Hi Kendall,
Following up, the solution below (stripping the namespaces) worked well on the toy example I shared, but it does not scale well with the size of the database. I needed up getting the following
Error: Out of Main Memory.
This is despite providing BaseX with 8 GB of memory (BASEX_JVM="-Xmx8g $BASEX_JVM”). The issue is due to the large size of the XML file that was loaded into the database (see below).

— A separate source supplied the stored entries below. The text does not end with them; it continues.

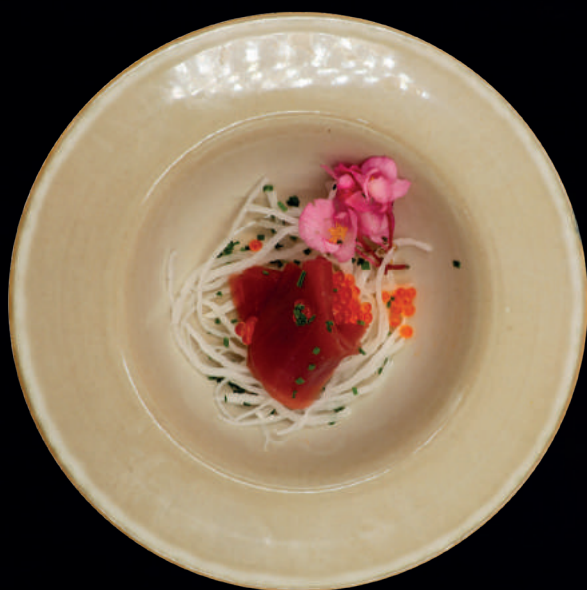
123. TUN SASHIMI (3 STK.)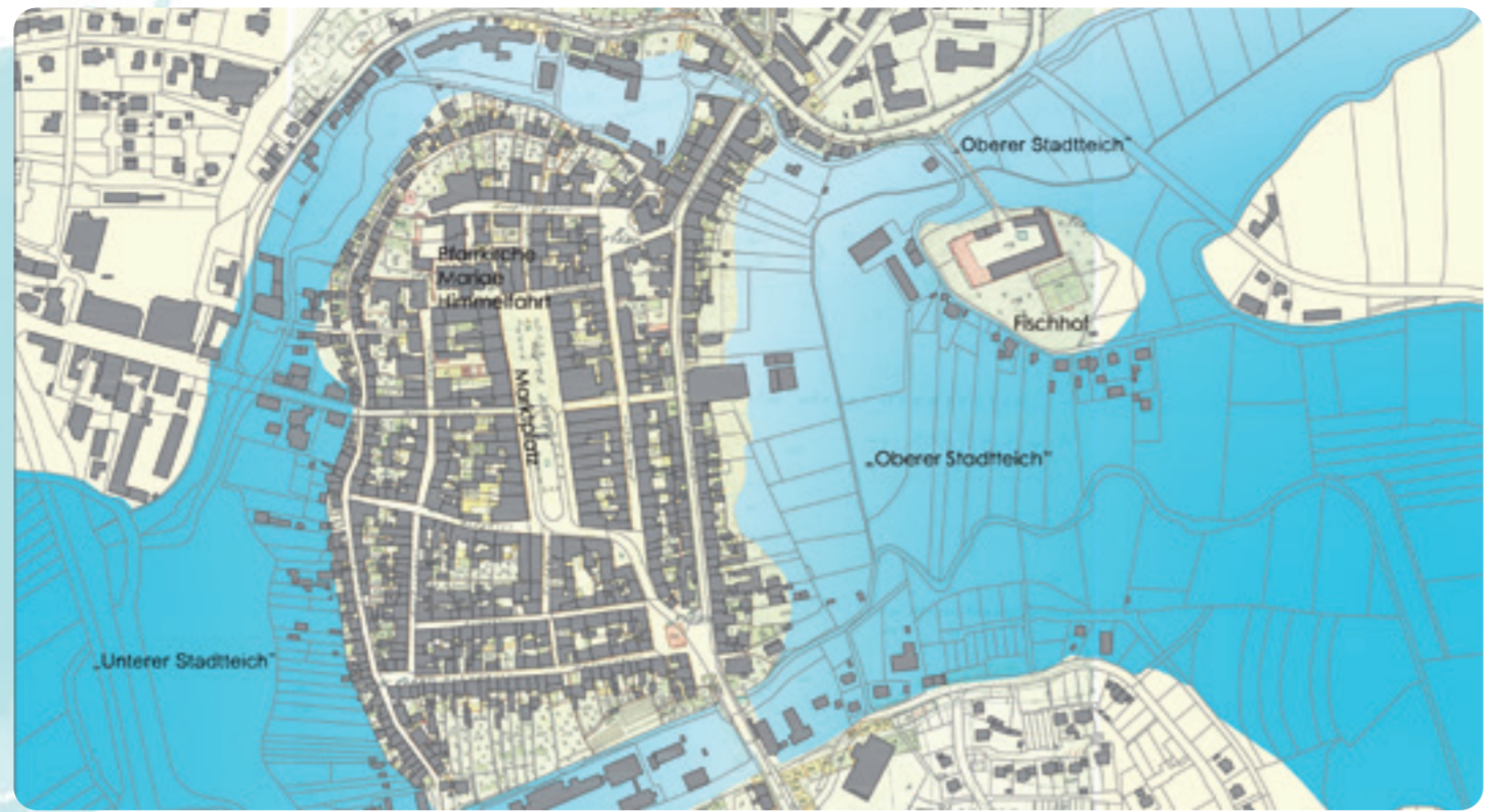
Im Rahmen der Gartenschau 2013 hat man teilweise diese historische Situation wiederhergestellt.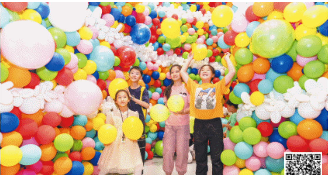
6月1日，端午假期遇上儿童节，梅溪湖艺术博物馆开启“一秒回到童年”体验活动，下午3时，博物馆中庭上空的巨型透明袋缓缓打开，成百上千颗五彩气球如流星雨般倾泻而下，孩子们在“梦幻气球雨”中穿梭打闹。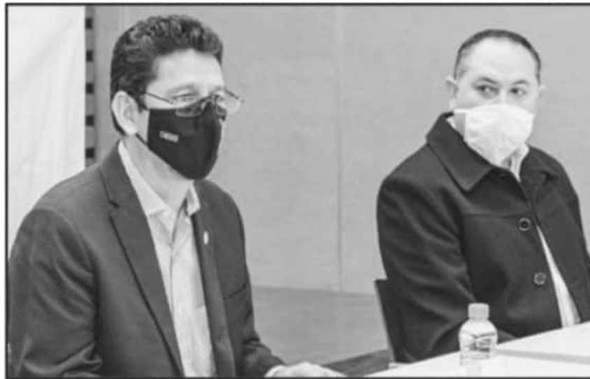
DURANTE LA REUNIÓN SE RESALTÓ LA VITAL IMPORTANCIA DE LOS TRABAJOS DE LOS ÓRGANOS COLEGIADOS.

prevalecer en los centros universitarios de trabajo, entre otros.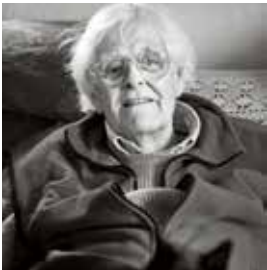
IVO MICHELIS

https://nl.wikipedia.org/wiki/Categorie:Vlaams_toneelschrijver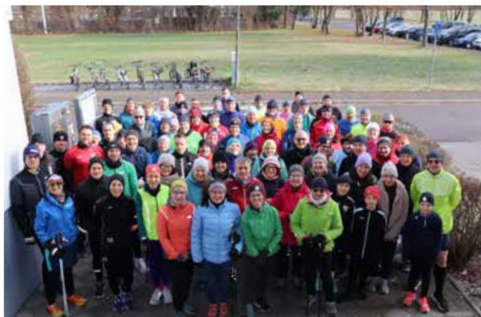
75 Läufer, Walker und Spaziergänger nahmen am diesjährigen 7. Silvesterlauf in Baar-Ebenhausen teil.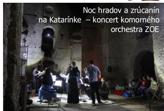
Noc hradov a zrúcanín na Katarínke – koncert komorného orchestra ZOE

Tento rok sme pokračovali v sprevádzaní návštevníkov Katarínky počas celej pracovnej sezóny a turizmačka služba je už samozrejmom súčasťou našich aktivít. Tiež sme zorganizovali 19. ročník Bielonedel'nej púte na Katarínku pre vyše 200 pútnikov, Noc kostolov v júni. Zorganizovali sme už tradičný Deň otvorených dverí (DOD) -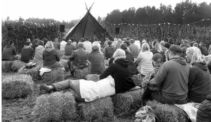
No malu malām atbraukušie klausītāji gumijas zābakos pēc koncerta lauka vidū tika arī cienāti ar pankūkām, augļiem un kafiju.

Šo atrakciju Laidu pagasta biedrība Kopā cits citam rīko otro gadu, bet K. Kazāks šaipusē divreiz jau viesojies: Lieldienu labdarības koncertā Valtaiku baznīcā un Grigaļos pasākumā Skrundas kultūras darbiniekiem.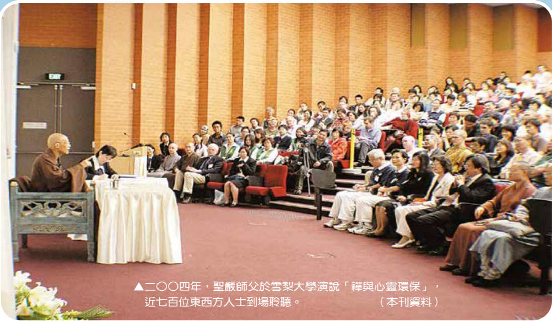
▲二〇〇四年，聖嚴師父於雪梨大學演說「禪與心靈環保」，近七百位東西人士到場聆聽。

2004年4月，聖嚴師父首次、也是唯一一次踏上南半球的澳洲，展開學術交流、跨宗教座談、弘講，關懷當地信眾。《他的身影2》拍攝團隊2022年底重訪澳洲，尋師足跡之外，更看見雪梨、墨爾本兩分會堅定傳承師願，將佛法的好，持續發揚出去。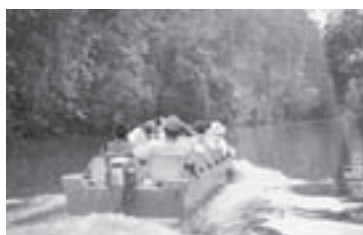
ボートで野生動物の観察へ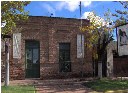
Imagen 3 - la casa de Los Toldos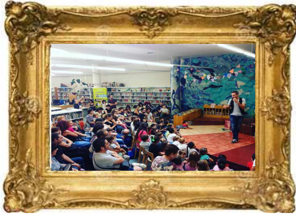
Biblioteca Central de Santa Coloma de Gramenet, 2016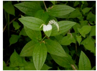
④ハンゲショウ(半夏生)の群落がありました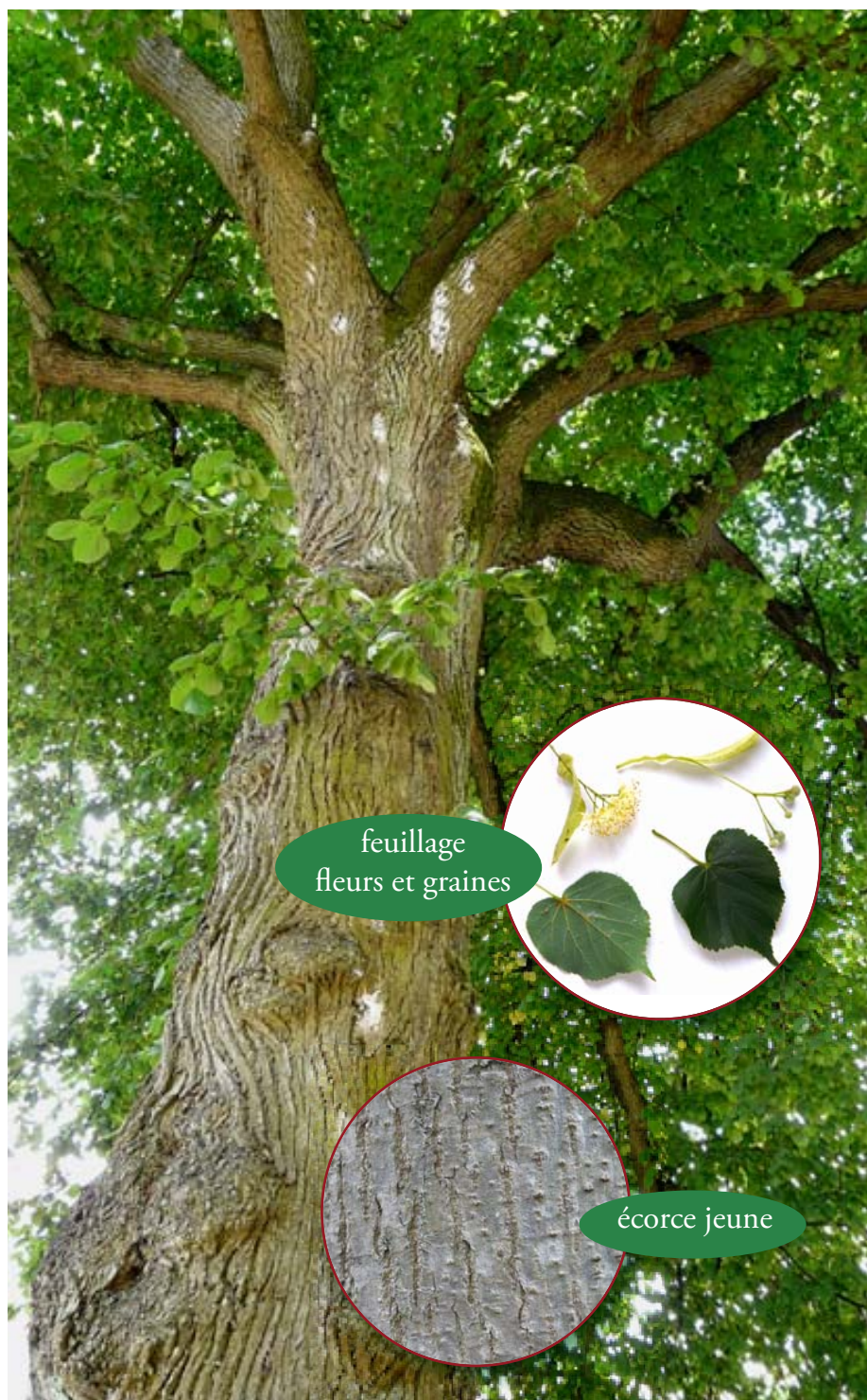
feuillage fleurs et graines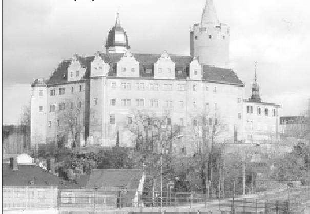
Zámek Wildeck od jihovýchodu.

09.30 hodin Jízda k návštěvě dolu 10.00 hodin Prohlídka dolu nebo návštěva koupaliště a nebo kuželky, popřípadě prohlídka města Společný oběd (ve stanu) 13.30 hodin Otevření výstavy u příležitosti 30letého výročí spolupráce mezi městy 14.00 hodin Návštěva slavnosti na zámekém dvoře, prohlídka zámku a muzea 18.00 hodin Odjezd do Loun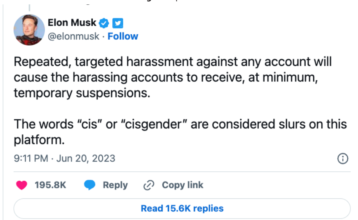
Imagem 2: post sobre cis

Vou à primeira estratégia, marcada na história recente com discurso de exceção. Assim é que, desde pelo menos 2021, Elon Musk vem fazendo ataques contra as pessoas trans e contra as pessoas gênero-dissidentes. Sua ofensiva contra a “ideologia de gênero” é justificada pela “morte do filho”, uma mulher trans, causada pela “cultura woke”: I lost my son, essentially. They call it ‘deadnaming’ for a reason. The reason they call it ‘deadnaming’ is because your son is dead.” (Peterson, 2024). Em 2023, como uma estratégia da campanha da ultra-direita que então se formava e como uma marca dos modos com que operaria depois da compra do Twitter, que passou a nominar de X, ele marcava seu problema com o debate sobre gênero e sobre o discurso da cisgenerenidade, porque contrariava a noção de sexualidade biológica que o governo Trump adotaria no seu novo governo: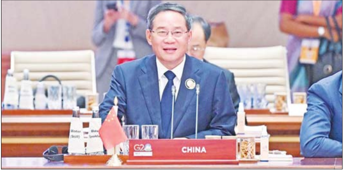
တရုတ်နိုင်ငံဝန်ကြီးချုပ် လီချန်။

အစီအစဉ်ဟု အမေရိကန်သမ္မတက ပြောကြားခဲ့ပြီး သန့်ရှင်းသောစွမ်းအင်ဖြင့် ကုန်သွယ်တင်ပို့မှုများ ပိုမိုလုပ်ဆောင်နိုင်လိမ့်မည်ဟုလည်း ၎င်းက ဆက်ပြောသည်။ အရှေ့အလယ်ပိုင်းဒေသ ပိုမို တည်ငြိမ်ပြီး ပိုမိုသယံဇာတပြုစေရေး အထောက် အကူဖြစ်စေမည်ဟုလည်း ၎င်းကဆက်ပြောသည်။ ပါဝင်သည့်နိုင်ငံများသည် ဘဏ္ဍာရေးဆိုင်ရာ ယန္တရားတည်ဆောက်မှုတွင် ပါဝင်မည်ဟု အိမ်ဖြူ တော်မှ အဆင့်မြင့်အရာရှိတစ်ဦးက ရှင်းလင်း ပြောကြားသည်။ အစွမ်းသတ္တိလည်း အဆိုပါ စီမံကိန်းသစ်၏ လမ်းကြောင်းပေါ်တွင်ရှိနေပြီး ဆော်ဒီနှင့်အစွမ်းတို့ ပိုမိုကောင်းမွန်သည့် ဆက်ဆံ ရေးကို အထောက်အကူပြုမပြု စိတ်ဝင်စားနေ ကြသည်။ အင်န်အိတ်ချ်က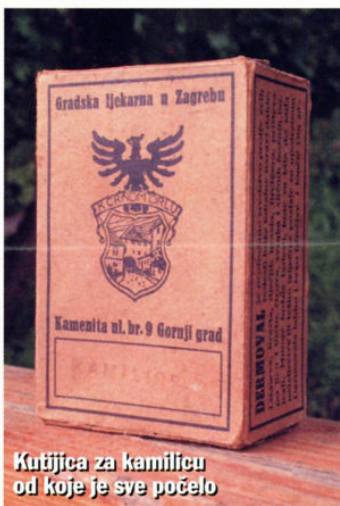
Kutijica za kamilicu od koje je sve počelo

Dijelove svoje kolekcije pokazao je na 14 izložaba, a od 16. srpnja u Muzeju grada Zagreba može se razgledati Zbirka stare ambalaže (2000 eksponata u dvije prostorije), njegov dar, odsad stalan postav muzeja. Pozivnicu za otvorenje poslao je i predsjedniku Stjepanu Mesiću, koji mu se prije pet godina u Radićevoj ulici, dok je bio sagnut nad hrpom odbačenih predmeta, obratio s "Gospodine, što to radite?" Rodin mu je pričao o svojoj skupljačkoj strasti spomenuvši da je i doktorirao na razvoju ambalaže i tehnologiji pakiranja.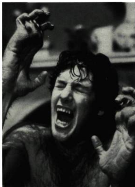
... et celui de An American Werewolf in London

Se déroulant en temps réel à l'écran, l'intérêt de ces mutations est en partie technologique, puisque le public s'étonne devant de tels effets [...] à l'instar du public qui, en 1890, allait au Grand Guignol parisien pour admirer les éentrations, égorgements et autres effets sanglants se déroulant sur scène.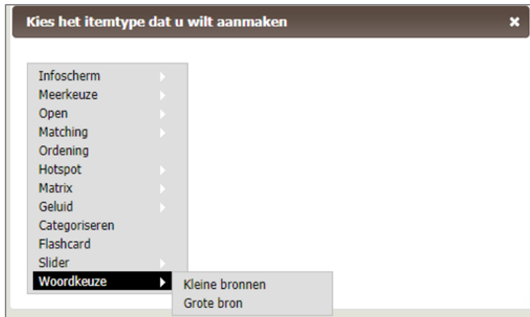
Figuur: Het itemtype Woordkeuze samen met de andere extra vraagtypes die beschikbaar zijn onder de licenties PLUS en hoger .

I can go with the default namespace declaration so no followup is needed, unless you are curious and have the time to investigate.
Best, Ron
Database Properties NAME: DrugBank SIZE: 3778 MB NODES: 96333486 DOCUMENTS: 1 BINARIES: 0 TIMESTAMP: 2017-09-01T14:57:50.000Z UPTODATE: true
Resource Properties INPUTPATH: /Volumes/Extra/Documents/Data Science/Data Sets/DrugBank/drugbank.xml INPUTSIZE: 3243 MB INPUTDATE: 2017-09-01T14:50:38.000Z
On September 1, 2017 at 5:29:06 PM, Ron Katriel (rkatriel@mdsol.com) wrote:
Hi Kendall,
Yes, your solution works too (see query below). Really appreciate your help!
Best, Ron
declare namespace e = "http://example.com";
declare function e:strip-namespaces($node as node()) as node() { typeswitch ($node) case $node as document-node() return document { $node/node()/e:strip-namespaces(.) } case $node as element() return element {local-name($node)} { $node/@*, $node/node()/e:strip-namespaces(.) } default return $node };
for $drug in e:strip-namespaces(db:open('DrugBankFail'))/drugbank/drug where not(empty($drug/atc-codes/atc-code)) return <drug> { <ATC5> { string-join(distinct-values($drug/name), ' | ') } </ATC5>, <ATC4> { string-join(distinct-values($drug/atc-codes/atc-code/level[string-length(@code) = 5]), ' | ') } </ATC4>, <ATC3> { string-join(distinct-values($drug/atc-codes/atc-code/level[string-length(@code) = 4]), ' | ') } </ATC3>, <ATC2> { string-join(distinct-values($drug/atc-codes/atc-code/level[string-length(@code) = 3]), ' | ') } </ATC2>, <ATC1> { string-join(distinct-values($drug/atc-codes/atc-code/level[string-length(@code) = 1]), ' | ') } </ATC1> } </drug>
On September 1, 2017 at 5:21:11 PM, Kendall Shaw (kendall.shaw@workday.com) wrote:
I think my mail client altered my post to move ‘.’ characters to the end of what it thinks is a sentence.
This:
e:strip-namespaces().
Is supposed to be this:
e:strip-namespaces(.)